We cheered, and we wept, and we set our sails for land. The rudder-bar had snapped and the rudder itself split in two under the dreadful force we had endured; still, we limped over the surface of the water, and the island before us loomed larger and larger. No Dobrek, this isle; no, it was vaster, its size deceptively diminished by distance. The nearer we got, the larger it grew, and what had seemed hills at its center became mountains, forest-shrouded and gilded in the bright sunlight.
I saw Glaukos' face, the moment he recognized it. He drew a sharp breath, and awe came over his features. He was Tiberian by rearing and Illyrian by choice, but his blood was Hellene, and what he knew, he had learnt at his mother's knee.
"It is Kriti," he said reverently. "We have come to Kriti.”
I measured our course in my head and thought, it may be so. Pure south had we been driven, down the coast of Illyria, of mainland Hellas. Had we truly come so far, that we had reached the isle of the House of Minos? I remembered Delaunay's study, maps spread on the table, awash in late afternoon sunlight. In truth, mayhap we had.
At Tormos' command, we followed the dolphins, and no one questioned it for superstition. Kazan came forth from the forecastle and watched with childlike interest, his face disturbingly blank. I took his arm, and steered him to a place of safety along the railing; he went unprotesting.
We drew near enough to make out the shape of the isle, measuring some thirty-odd leagues from tip to tip. The sides were sheer and rocky but, here and there, sandy beaches beckoned. A flock of gulls skirled above us, giving out their harsh cries; young Volos, triumphantly alive, lifted his head and gave back their raucous cries. The gulls veered landward, heading for the smallest of bays, a crescent of white sand cradled betwixt horns of stone. Half-laughing and half-weeping, Tormos ordered the ship to follow.
Deep-blue water gave way to sapphire, and our breeze died entirely. Undeterred, Tormos ordered the Illyrians to oars, and they pulled to a ragged beat as he stamped out the rhythm. Faltering yet game, ragged sails flapping emptily, we slid through the waters, until they grew shallower and turned to aquamarine.
We had entered the horns of the harbor.
Light-headed as I was, it took me a moment to realize that the sound I heard was mightier than the oarsmen's beat, echoing across the water. There is no mistaking that beat, once one hears it. It is measured to the pace of the mortal heart and it is measured out in bronze, eldest tool of the earth that ever humankind shaped to serve its need. I did not see, until we were well and truly betwixt them, the caves that riddled the horns of the harbor, layer upon stony layer, rising above us.
Then I did, and knew it was from thence that the sound of beating gongs came, and my hair rose at the nape of my neck as we glided below the caves. This was no ordinary port. We had crossed the threshold of a sacred place. So did we enter the harbor of the Temenos.
FIFTY-EIGHT
1 here were children on the beach; I had not expected that.
They greeted our arrival with eager cries, swooping like gulls over the gritty white sands as our ship ran aground in shallow water. Bemused, Tormos cast a line ashore, and a full dozen eager hands grasped it, children setting their backs to it with a will, hauling our vessel nearer to shore. It was a lucky thing the Illyrian ships had such a shallow draught, that we were able to disembark and splash our way ashore. Kazan came without assistance, and it seemed to me that there was an alertness in his face for the first time since Epidauro.

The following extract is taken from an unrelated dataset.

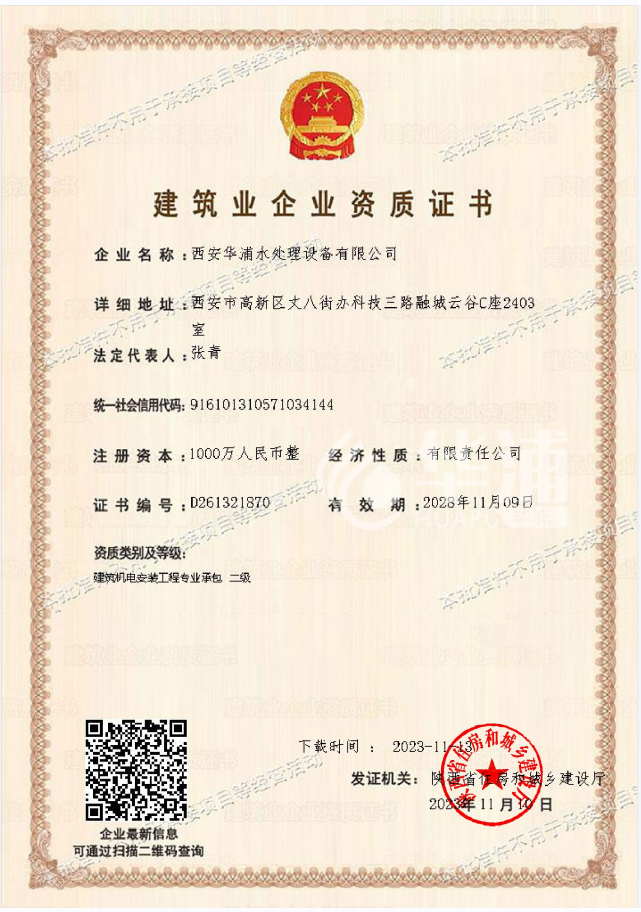 近日,西安華浦環(huán)保水處理設(shè)備有限公司建筑機(jī)電安裝工程資質(zhì)升為二級。此次資質(zhì)等級的提升,使我司資質(zhì)等級和專業(yè)水平又上了一個新臺階,進(jìn)一步增強(qiáng)了公司的市場競爭能力,為公司做大做強(qiáng)打下了堅實的基礎(chǔ)。

The sound of bronze gongs had ceased, and left in its wake a profound silence.Salt-stained and aching and unsteady on my legs, I waited with the others, standing on the beach and gazing at steps carved into the living rock, easing down toward the sea.
'Twould be a party of guards would meet us, I thought; one expects such a thing, landing uninvited in a foreign harbor. Instead, there came a single man, unarmed, escorted by a retinue of seven youths and seven maidens. He was of middle years, dark and bearded, with a diadem of ribbons bound around his curly hair, wearing rich robes encrusted two hand-spans deep with embroidery. One of the youths held a parasol above his head, and tasseled pearls hung from its spokes, glimmering in the sun.
"Welcome, strangers," he said in a sonorous voice, giving us greeting in Hellene. "I am Oeneus Asterius, Híerophant of the Temenos. You have passed by the wide harbors and the company of men to enter here. Mother Dia grant you welcome. Who is it among you that comes to be cleansed?"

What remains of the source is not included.